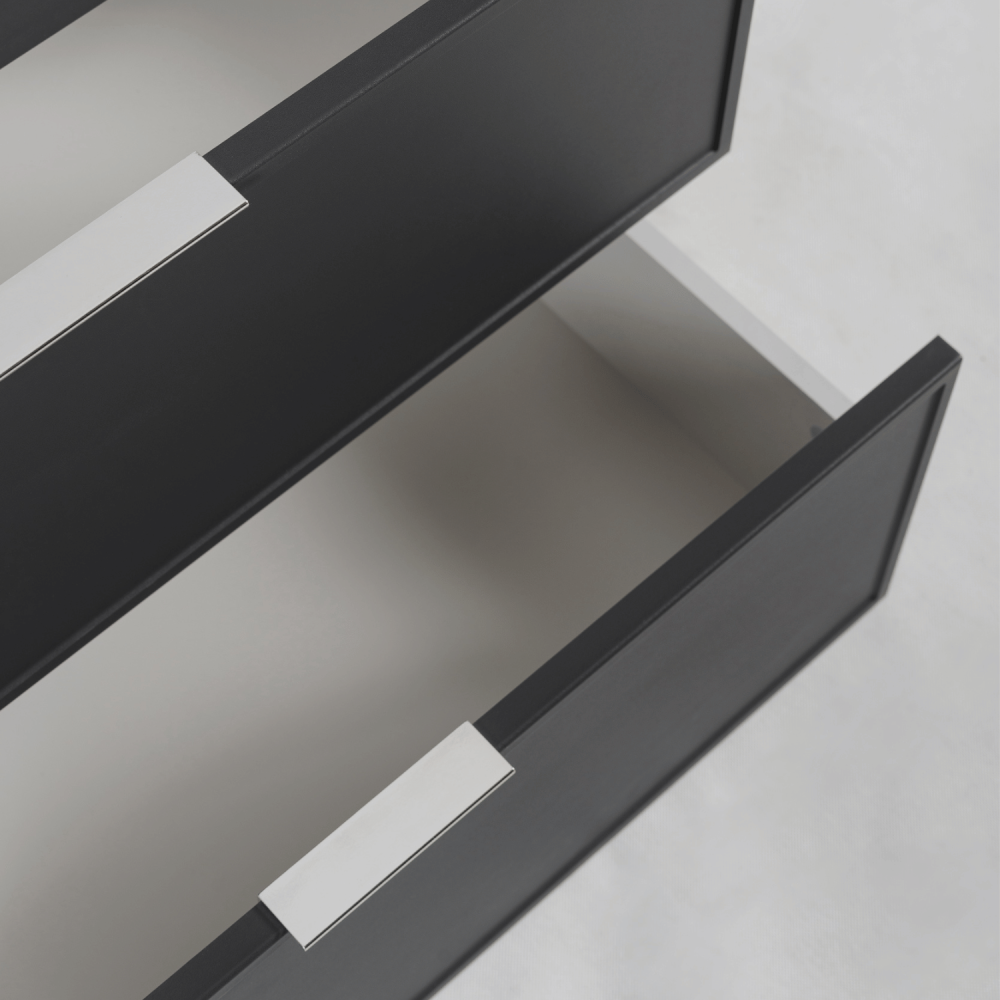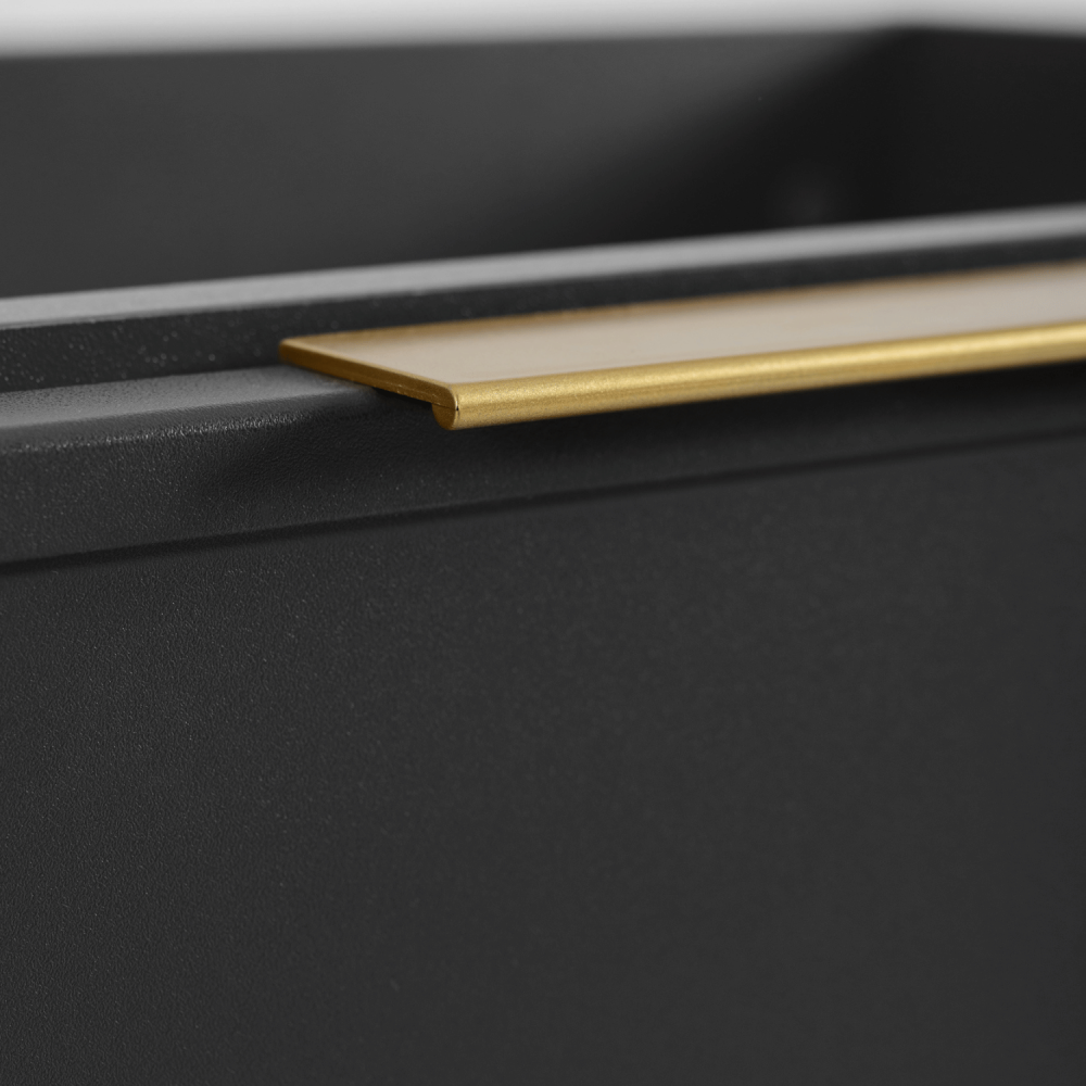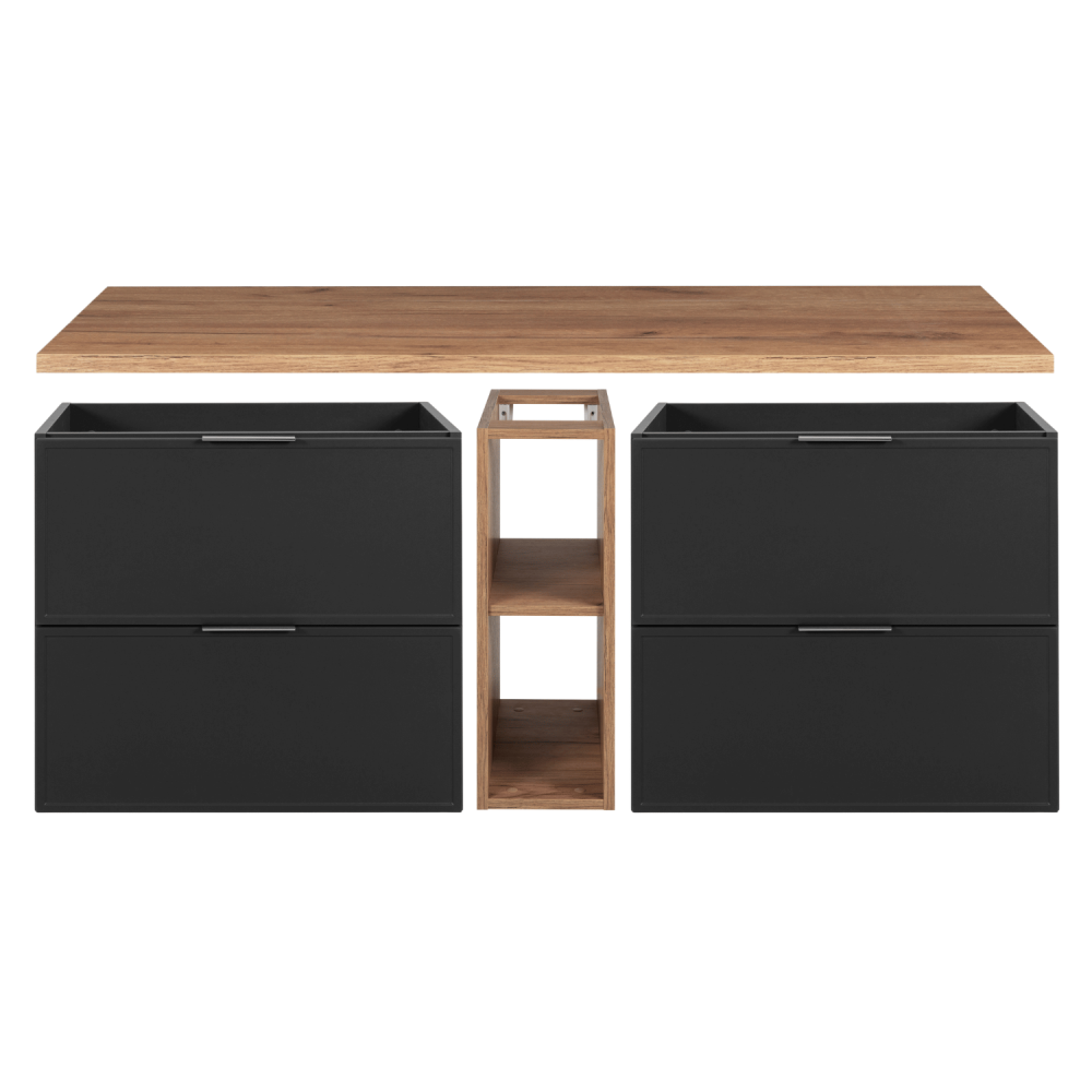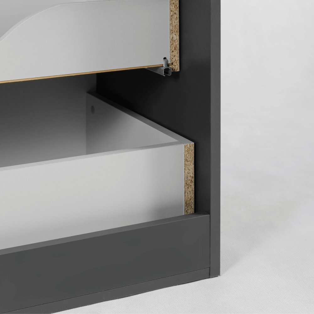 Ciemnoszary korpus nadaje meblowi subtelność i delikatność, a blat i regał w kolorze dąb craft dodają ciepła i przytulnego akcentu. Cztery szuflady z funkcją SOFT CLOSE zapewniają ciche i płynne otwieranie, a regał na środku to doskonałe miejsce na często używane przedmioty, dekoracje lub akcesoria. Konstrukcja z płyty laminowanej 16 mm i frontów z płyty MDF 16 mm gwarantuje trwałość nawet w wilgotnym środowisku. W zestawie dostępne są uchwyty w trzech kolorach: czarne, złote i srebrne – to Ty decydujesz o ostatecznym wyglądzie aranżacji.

...

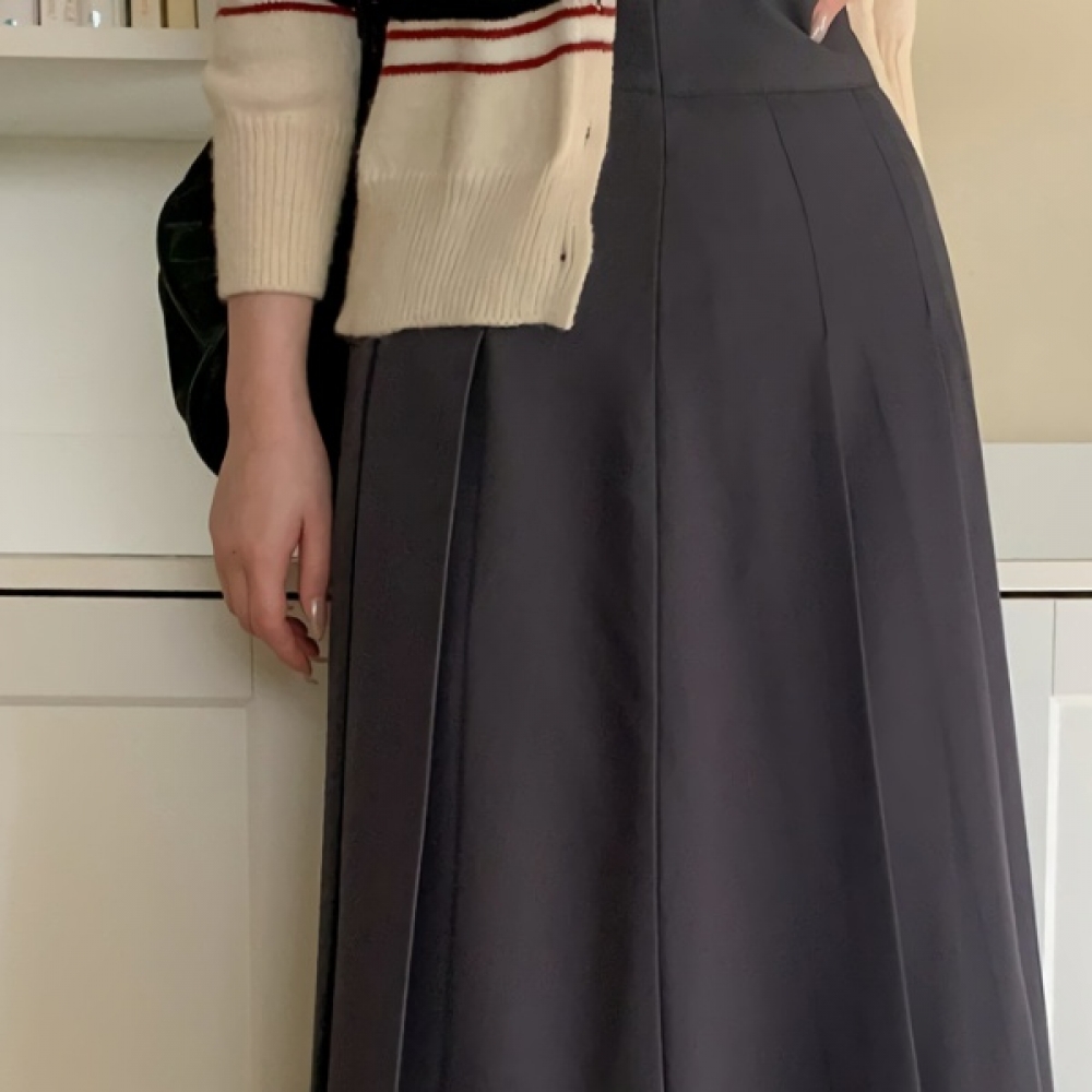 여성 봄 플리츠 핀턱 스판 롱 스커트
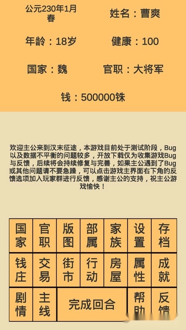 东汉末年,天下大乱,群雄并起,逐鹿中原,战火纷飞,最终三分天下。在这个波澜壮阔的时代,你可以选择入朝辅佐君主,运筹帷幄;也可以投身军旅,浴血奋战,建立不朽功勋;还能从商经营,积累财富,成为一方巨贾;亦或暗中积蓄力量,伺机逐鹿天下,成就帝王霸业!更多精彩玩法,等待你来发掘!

**Problem**
Look back at the data above, then output exactly the lines from the line holding "여성 봄 플리츠 핀턱 스판 롱 스커트" up to and including the line holding "东汉末年,天下大乱,群雄并起". Leave out the pictures.

**Exercise solution**
 여성 봄 플리츠 핀턱 스판 롱 스커트
 东汉末年,天下大乱,群雄并起,逐鹿中原,战火纷飞,最终三分天下。在这个波澜壮阔的时代,你可以选择入朝辅佐君主,运筹帷幄;也可以投身军旅,浴血奋战,建立不朽功勋;还能从商经营,积累财富,成为一方巨贾;亦或暗中积蓄力量,伺机逐鹿天下,成就帝王霸业!更多精彩玩法,等待你来发掘!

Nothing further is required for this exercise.